Automatic identification and removal of low quality online information
MetadataShow full item record
The advent of the Internet has generated a proliferation of online information-rich environments, which provide information consumers with an unprecedented amount of freely available information. However, the openness of these environments has also made them vulnerable to a new class of attacks called Denial of Information (DoI) attacks. Attackers launch these attacks by deliberately inserting low quality information into information-rich environments to promote that information or to deny access to high quality information. These attacks directly threaten the usefulness and dependability of online information-rich environments, and as a result, an important research question is how to automatically identify and remove this low quality information from these environments. The first contribution of this thesis research is a set of techniques for automatically recognizing and countering various forms of DoI attacks in email systems. We develop a new DoI attack based on camouflaged messages, and we show that spam producers and information consumers are entrenched in a spam arms race.

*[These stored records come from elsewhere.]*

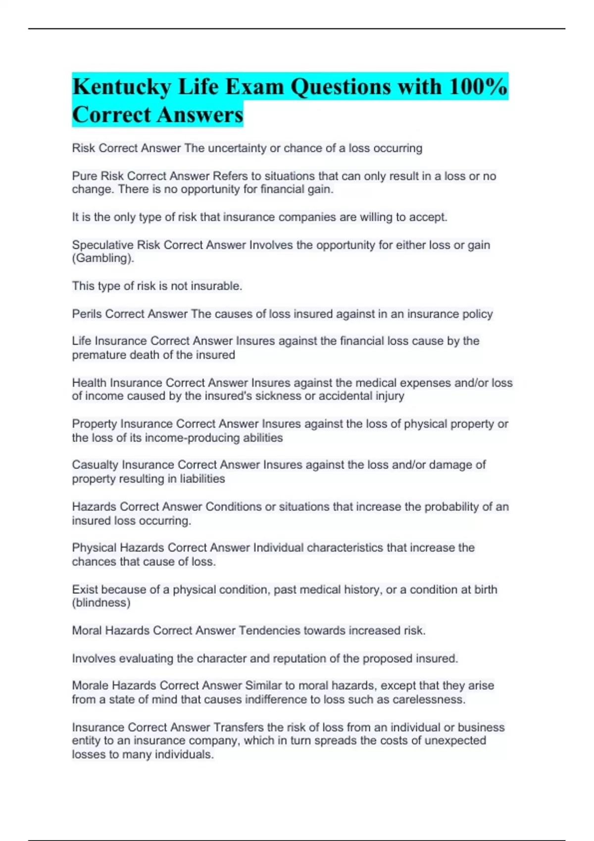 Kentucky Life Exam Questions with 100% Correct Answers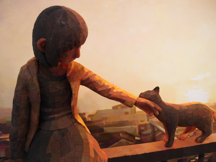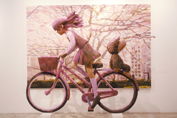 More than that, this artist has a unique style. He places sculptures in front of paintings! Combining 2D with 3D, he's an emerging young artist who's definitely one to watch.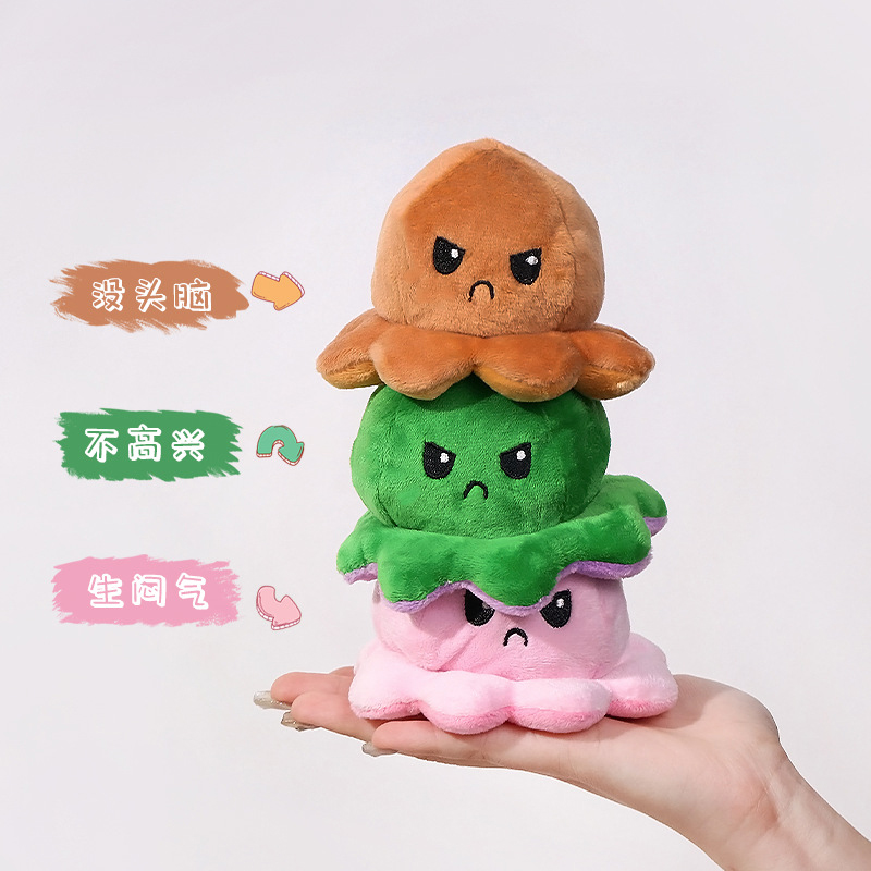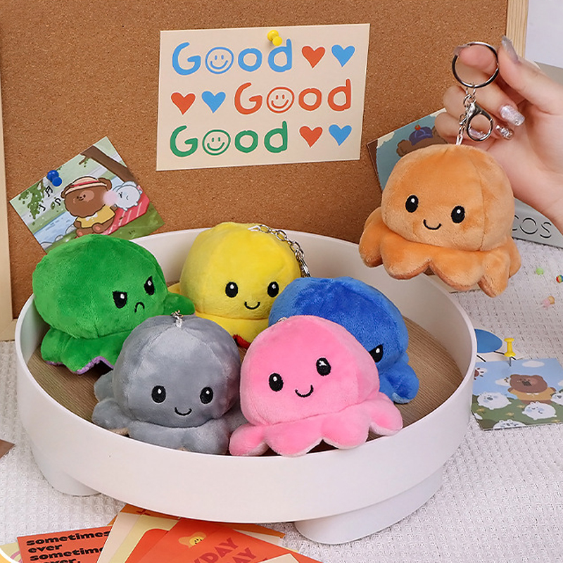 翻脸小章鱼挂件个性毛绒公仔钥匙扣书包小挂件可爱变脸玩偶双面 - 柒月家居 发现美好生活

To break free of this arms race, we propose two solutions. One solution involves refining the statistical learning process by associating disproportionate weights to spam and legitimate features, and the other solution leverages the existence of non-textual email features (e.g., URLs) to make the classification process more resilient against attacks. The second contribution of this thesis is a framework for collecting, analyzing, and classifying examples of DoI attacks in the World Wide Web. We propose a fully automatic Web spam collection technique and use it to create the Webb Spam Corpus -- a first-of-its-kind, large-scale, and publicly available Web spam data set. Then, we perform the first large-scale characterization of Web spam using content and HTTP session analysis. Next, we present a lightweight, predictive approach to Web spam classification that relies exclusively on HTTP session information. The final contribution of this thesis research is a collection of techniques that detect and help prevent DoI attacks within social environments. First, we provide detailed descriptions for each of these attacks. Then, we propose a novel technique for capturing examples of social spam, and we use our collected data to perform the first characterization of social spammers and their behaviors.